● INSTRUCTIONS FOR THE TASK
Please reproduce the data exactly, though every picture must stay out.

● DATA BLOCK
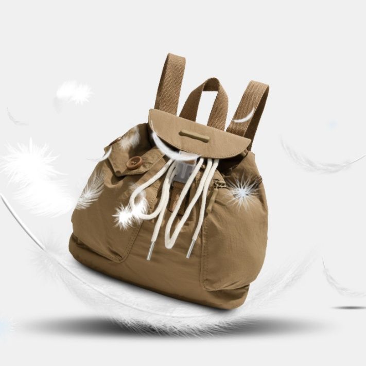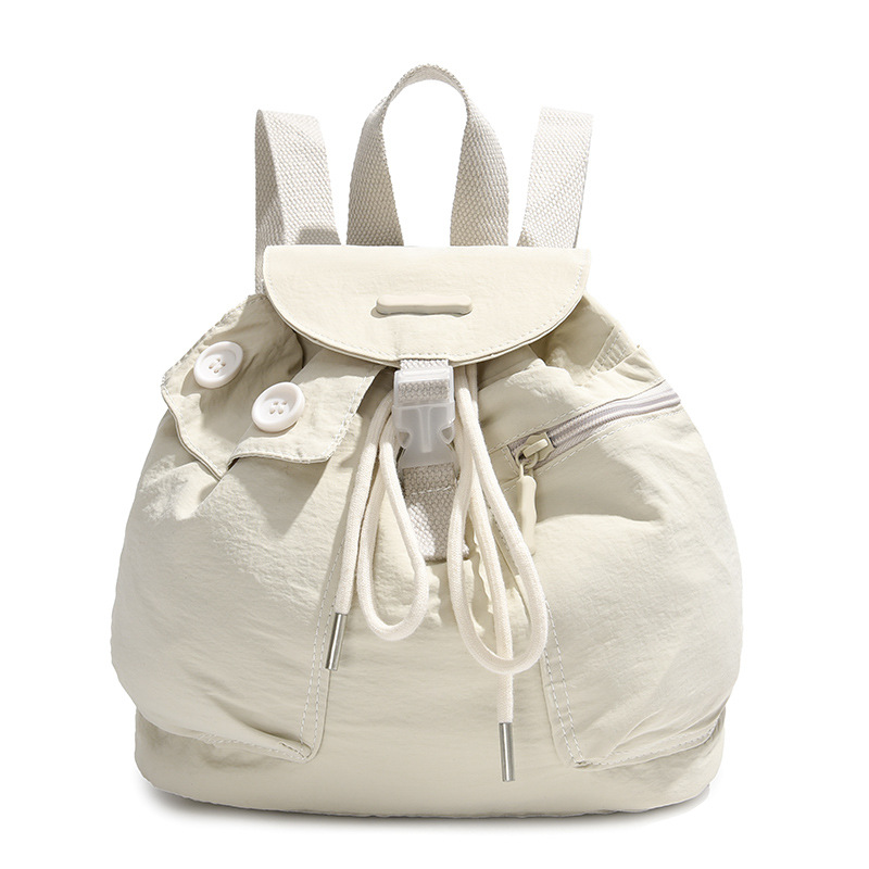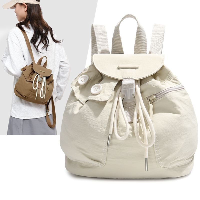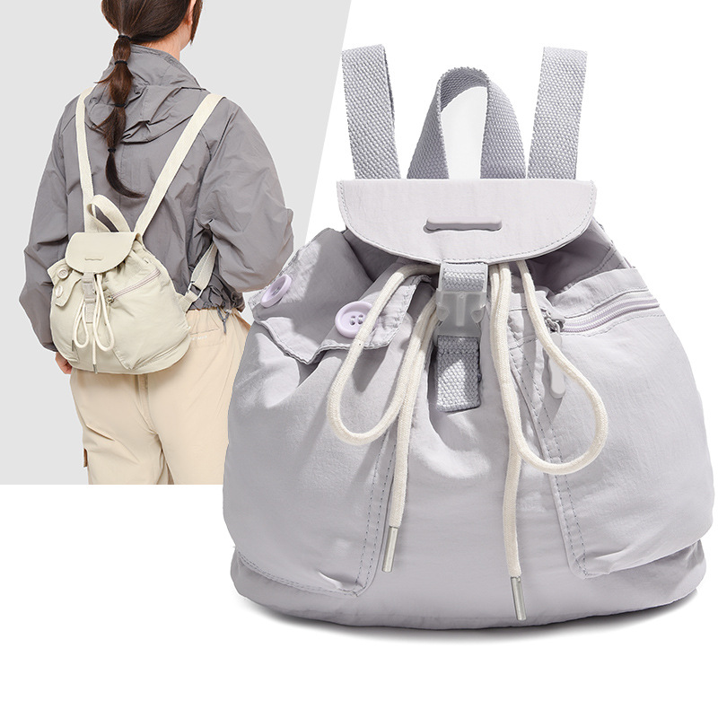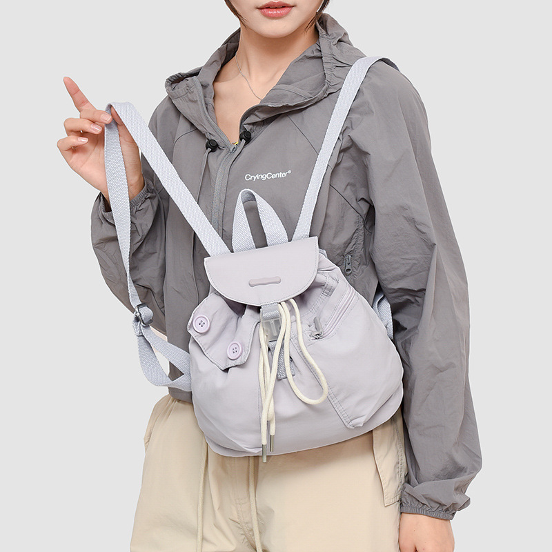 丸みを帯びた可愛らしいシルエットが特徴の巾着タイプのリュックです。 開閉は紐で絞るだけの簡単仕様で、使い勝手抜群です。 フロントには大きめのポケットが二つ配置され、小物の整理に便利です。 軽量なナイロン素材を使用し、長時間の使用でも肩への負担が少なく快適です。 調節可能なショルダーストラップで、自分好みのフィット感に調整できます。 カジュアルな日常使いから旅行まで幅広く活躍する実用的なアイテムです。
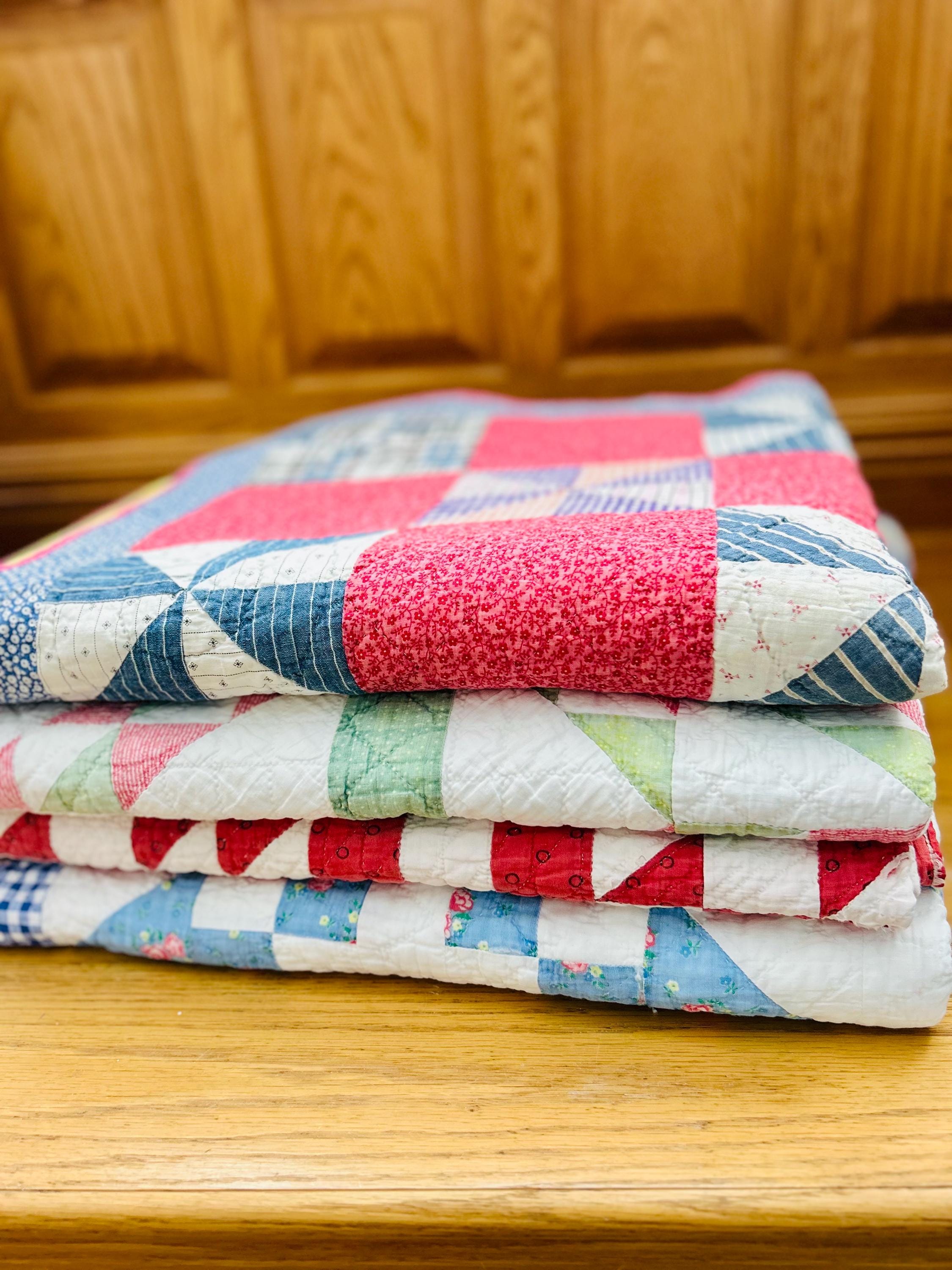 The quilt measures 70 inches by 76 inches and comes from a smoke-free and pet-free home. Shown on a queen-size bed.
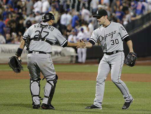 Chicago White Sox catcher Dioner Navarro (27) shakes hands with pitcher David Robertson (30) after the White Sox beat the New York Mets 6-4 in a baseball game, Tuesday, May 31, 2016, in New York. (AP Photo/Julie Jacobson)

● ANSWER FOR THE TASK
 丸みを帯びた可愛らしいシルエットが特徴の巾着タイプのリュックです。 開閉は紐で絞るだけの簡単仕様で、使い勝手抜群です。 フロントには大きめのポケットが二つ配置され、小物の整理に便利です。 軽量なナイロン素材を使用し、長時間の使用でも肩への負担が少なく快適です。 調節可能なショルダーストラップで、自分好みのフィット感に調整できます。 カジュアルな日常使いから旅行まで幅広く活躍する実用的なアイテムです。
 The quilt measures 70 inches by 76 inches and comes from a smoke-free and pet-free home. Shown on a queen-size bed.
 Chicago White Sox catcher Dioner Navarro (27) shakes hands with pitcher David Robertson (30) after the White Sox beat the New York Mets 6-4 in a baseball game, Tuesday, May 31, 2016, in New York. (AP Photo/Julie Jacobson)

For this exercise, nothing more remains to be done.